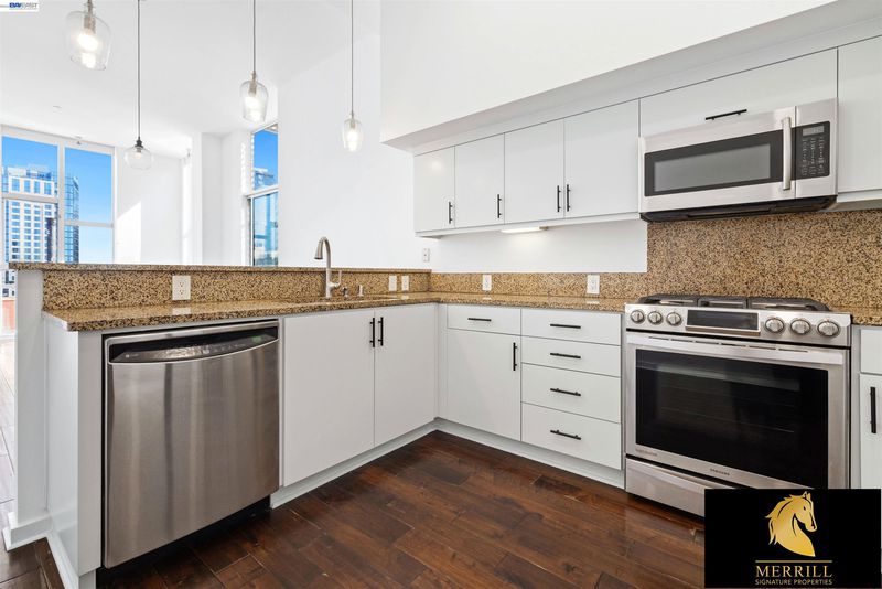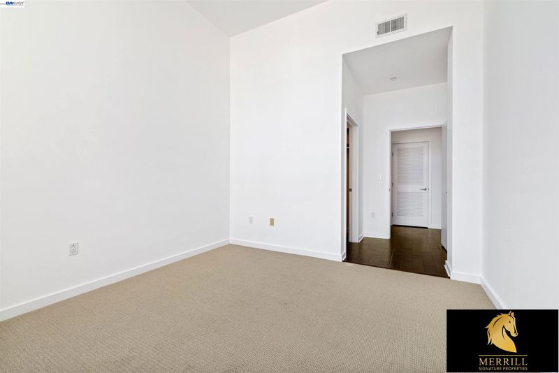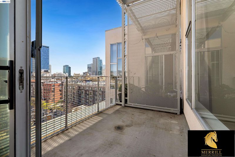 Fantastic Penthouse location, facing sunrise with a view of the Oakland Skyline! Large one bedroom condominium, with unique floor plan allowing privacy for the bedroom area. Super tall ceilings about 11 ft with floor to ceiling windows and access to a large balcony. Washer and Dryer in-unit, parking with storage, building offers a fitness room, courtyard with BBQ and community and package room and dog run! HOA covers more than the basics- water, gas, sewer, trash and high-speed internet along with all the amenities. Pictures are virtually staged
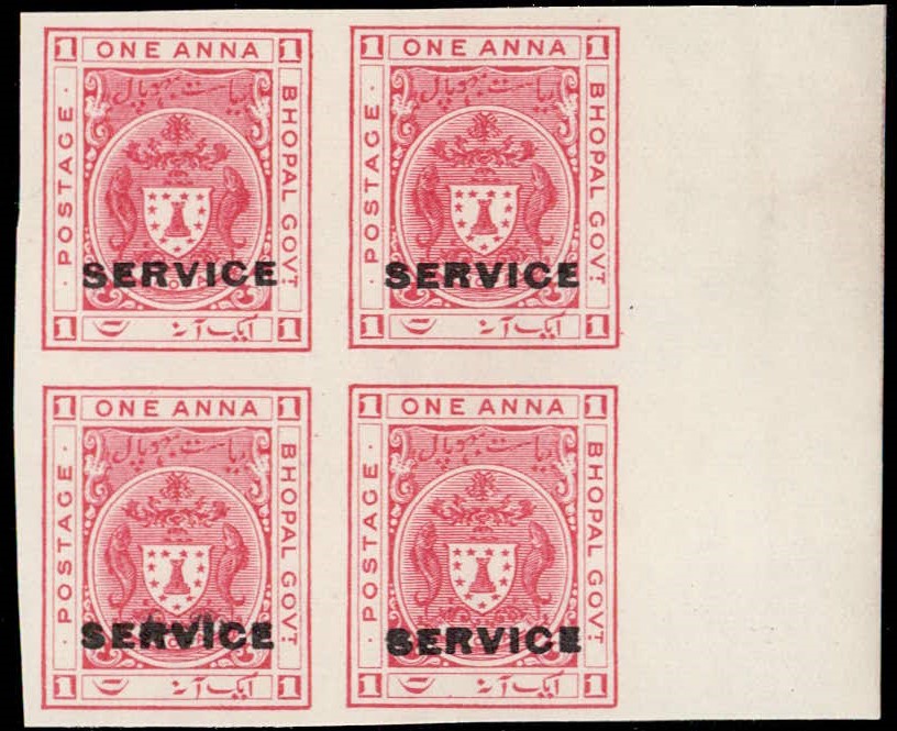 1932 Plate Proof of 1a carmine-red imperforate block of four overprinted 'SERVICE', unused without gum. Ex. Dan Walker collection.
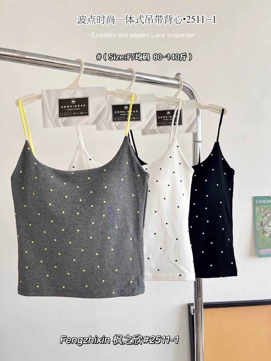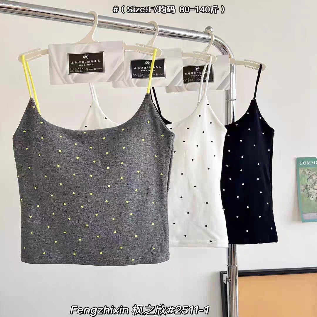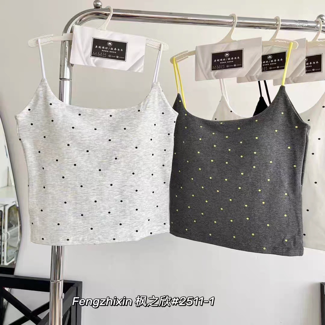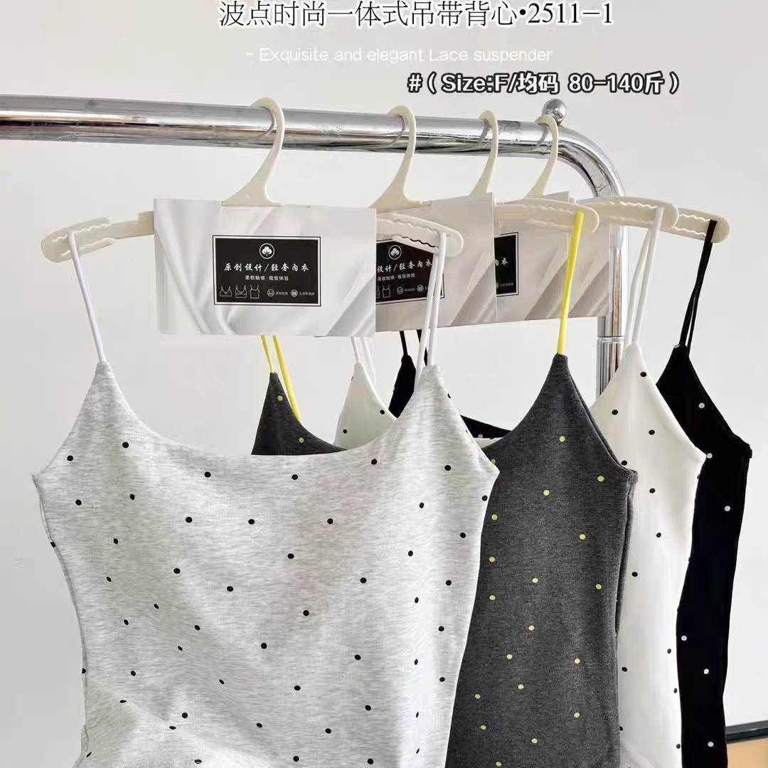 2511-1 # 한국 패션 폴카 도트 일체형 컵받침 스퀘어 넥 캐미솔은 편안하고 섹시하며 달콤한 스타일입니다

**Exercise details:** Return each line of the data, keeping its wording exact and omitting pictures.

**Expected output:**
 Fantastic Penthouse location, facing sunrise with a view of the Oakland Skyline! Large one bedroom condominium, with unique floor plan allowing privacy for the bedroom area. Super tall ceilings about 11 ft with floor to ceiling windows and access to a large balcony. Washer and Dryer in-unit, parking with storage, building offers a fitness room, courtyard with BBQ and community and package room and dog run! HOA covers more than the basics- water, gas, sewer, trash and high-speed internet along with all the amenities. Pictures are virtually staged
 1932 Plate Proof of 1a carmine-red imperforate block of four overprinted 'SERVICE', unused without gum. Ex. Dan Walker collection.
 2511-1 # 한국 패션 폴카 도트 일체형 컵받침 스퀘어 넥 캐미솔은 편안하고 섹시하며 달콤한 스타일입니다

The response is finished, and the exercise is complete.